The median age at presentation was 24 years. The most common location of the tumour was thoracic (40%). Beta-HCG overproduction was noted in 40% of the patients. Most patients were treated with a combination of surgery, radiation therapy, and systemic chemotherapy. Median follow-up was 16.5 months. Recurrence was observed in 10% of the patients, all in beta-HCG over-producing tumours. The illustrative case was a 28-year male, presenting with pain in lower back and both lower limbs for 2 months. Magnetic resonance imaging spine showed an inhomogeneous hyperintense soft tissue mass at L(2)-L(4) spinal level. He was treated with complete surgical excision and four cycles of chemotherapy with BEP regimen following a histological diagnosis of non-seminomatous germ cell tumour. Palliative irradiation to the lumbar spine was given on progression at 3 months.

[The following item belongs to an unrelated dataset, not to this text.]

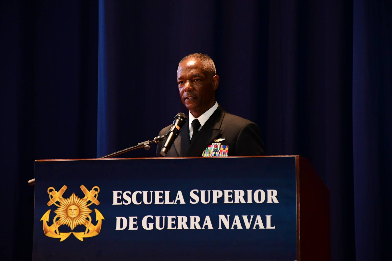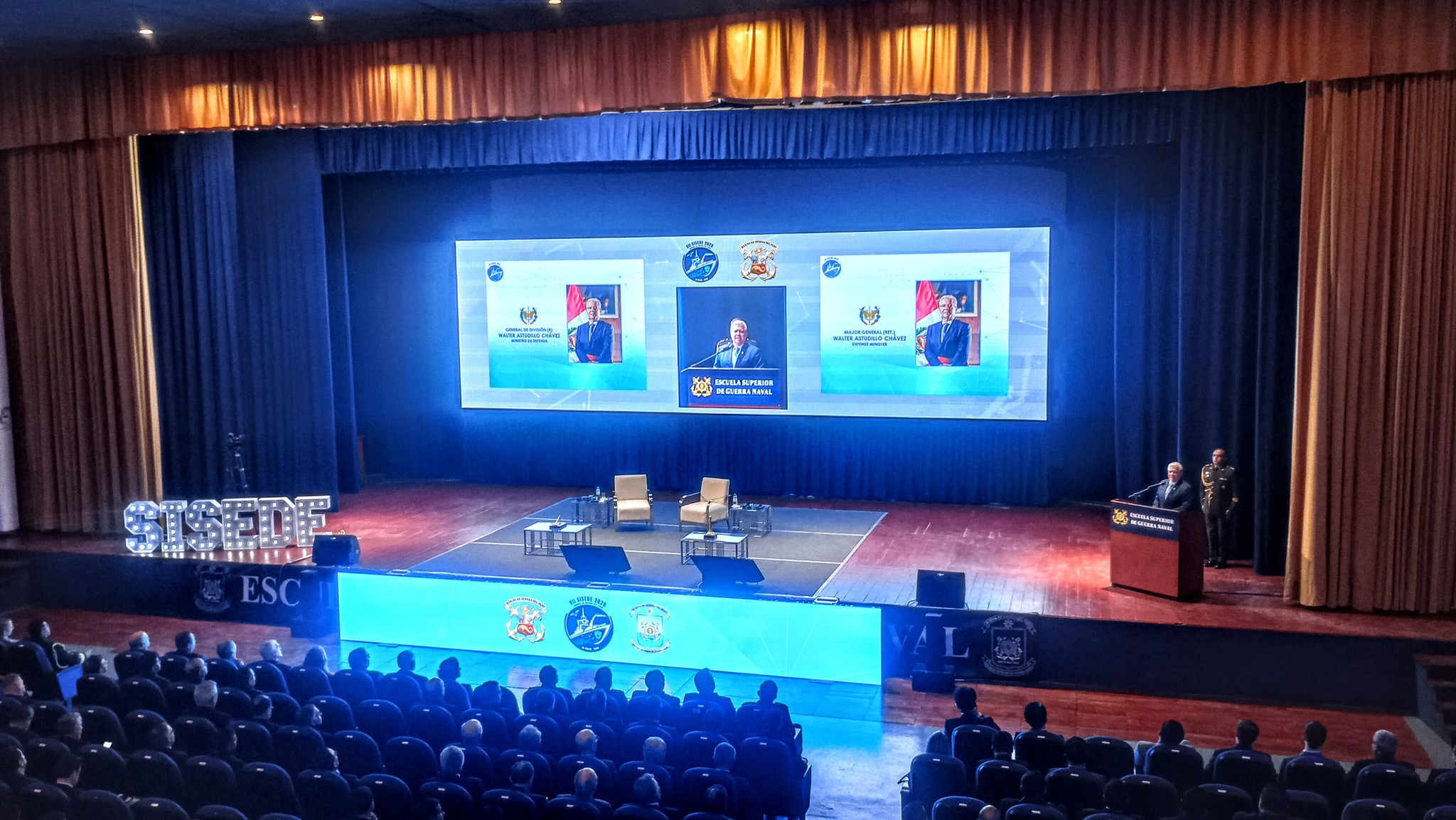 La ceremonia de inauguración fue presidida por el Ministro de Defensa, Walter Astudillo Chávez, quien estuvo acompañado por el Comandante General de la Marina, Almirante Javier Bravo de Rueda Delgado, además de representantes de las Fuerzas Armadas, diplomáticos, académicos y líderes del sector defensa.

The patient eventually succumbed to his condition, due to compressive transverse myelitis possibly due to cervical cord metastasis.

CONCLUSION

Limited surgery followed by upfront radiation therapy and adjuvant chemotherapy is the optimal management of this rare group of tumour. Omission of radiation therapy from the treatment armamentarium might engender local recurrence and spinal dissemination at first failure.

摘要

背景

原发性脊髓生殖细胞瘤是一种罕见肿瘤。我们在此回顾原发性硬脊膜内生殖细胞瘤的肿瘤特征、相关危险因素、治疗策略及失败模式。

方法

我们在PUBMED上进行检索,使用“脊髓生殖细胞瘤”“生殖细胞瘤”“硬膜外”“硬膜内”“髓内”“髓外”等关键词组合,确定了19例原发性脊髓生殖细胞瘤病例。从各自的病例报告中记录了这些患者的临床特征、病理特征及治疗细节,包括随访状态。我们还描述了一例年轻的印度硬膜内髓外生殖细胞瘤患者,采用手术、化疗和放疗联合治疗。

结果

发病时的中位年龄为24岁。肿瘤最常见的部位是胸部(40%)。40%的患者出现β-HCG过度产生。大多数患者接受了手术、放疗和全身化疗联合治疗。中位随访时间为16.5个月。10%的患者出现复发,均为β-HCG过度产生的肿瘤。举例病例为一名28岁男性,出现下背部和双下肢疼痛2个月。脊柱磁共振成像显示L2-L4脊髓水平有一个不均匀的高信号软组织肿块。在组织学诊断为非精原性生殖细胞瘤后,他接受了完整的手术切除,并采用BEP方案进行了四个周期的化疗。3个月病情进展时对腰椎进行了姑息性放疗。患者最终因可能因颈髓转移导致的压迫性横贯性脊髓炎而病情恶化。

结论

有限手术,随后进行 upfront 放疗和辅助化疗是这类罕见肿瘤的最佳治疗方法。治疗方案中遗漏放疗可能会在首次失败时导致局部复发和脊髓播散。